2022-09-27 numbworks Updated to v3.0.0.
2022-10-16 numbworks Updated to v3.5.0.
2022-11-04 numbworks Updated to v3.6.0.
2022-12-26 numbworks Added "Appendix - NGramTokenizerRuleSet".
2024-01-29 numbworks Updated to v4.0.0.

Introduction

NW.NGramTextClassification is a library to perform text classification tasks on the text snippets you provide.

What does "text classification" mean?

Text Classification is a machine learning technique that calculates the similarity between the string of text you need to categorize and a collection of already categorized strings you provide to the library to learn from it.

Every string of text is decomposed in collections of n-grams and compared by using a similarity calculator. A n-gram is a contiguous sequence of n words, where n can be equal to 1 (monogram), 2 (bigram), 3 (trigram) and so on.

A Text Classification library can be very useful for the resolution of many problems, such as spam detection or language detection in an automated environment.

A use case scenario: language detection

We have several strings of text and we want to detect their language.

We do know beforehand that these strings of text can be among three different languages, and we do have a batch of pre-labeled strings for each of them, but nothing more than that.

To perform the task above you need only few lines of code:

using System;
using System.Collections.Generic;
using NW.NGramTextClassification;
using NW.NGramTextClassification.LabeledExamples;
using NW.NGramTextClassification.TextClassifications;
using NW.NGramTextClassification.TextSnippets;

/*...*/

TextSnippet textSnippet 
    = new TextSnippet(text: "We are looking for several skilled and driven developers to join our team.");
List<LabeledExample> labeledExamples = CreateLabeledExamples();

ITextClassifier textClassifier = new TextClassifier();
TextClassifierSession session = textClassifier.ClassifyOrDefault(textSnippet, labeledExamples);

Console.WriteLine(session.Results[0].Label);

The entry point of the library (TextClassifier) offers a quite self-explanatory ClassifyOrDefault method.

The textSnippet object contains the string of text that we need to categorize, while the labeledExamples is a collection of strings that already have a label associated to them and that we will use to train the library.

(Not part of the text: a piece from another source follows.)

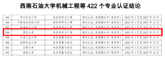 6月25日,中国工程教育专业认证协会发布了《关于公布西南石油大学机械工程等422个专业认证结论的通知》,公布了2021年工程教育认证结论。365英国官网食品科学与工程专业位列其中,顺利通过通过工程教育专业认证!有效期2022年1月至2027年12月。这是365英国官网该专业首次通过工程教育认证,是365英国官网教育教学取得的新突破!

Here how labeledExamples is getting populated (strings are truncated at [...] for a readibility purpose):

private static List<LabeledExample> CreateLabeledExamples()
{

    List<LabeledExample> labeledExamples = new List<LabeledExample>()
    {

        new LabeledExample(label: "en", text: "VerksamhetsbeskrivningGoGift is a company which focuses on [...]"),
        new LabeledExample(label: "en", text: "You will report to the Team Manager. You will get the opportunity [...]"),
        /*...*/
        new LabeledExample(label: "sv", text: "Conic Restaurants AB äger och driver idag SUBWAY restauranger [...]"),
        new LabeledExample(label: "sv", text: "Du ska vara noggrann, van vid att ta eget ansvar och gilla att [...]"),
        /*...*/
        new LabeledExample(label: "dk", text: "Har du lyst til et nært samarbejde med kolleger i en klinik [...]"),
        new LabeledExample(label: "dk", text: "Lægesekretær/SOSU-assistent 20-25 timer ugentligt til almen [...]"),
        /*...*/

    };

    return labeledExamples;

}

Once you have both textSnippet and labeledExamples variables properly set, you can initialize a TextClassifier object and call its ClassifyOrDefault method.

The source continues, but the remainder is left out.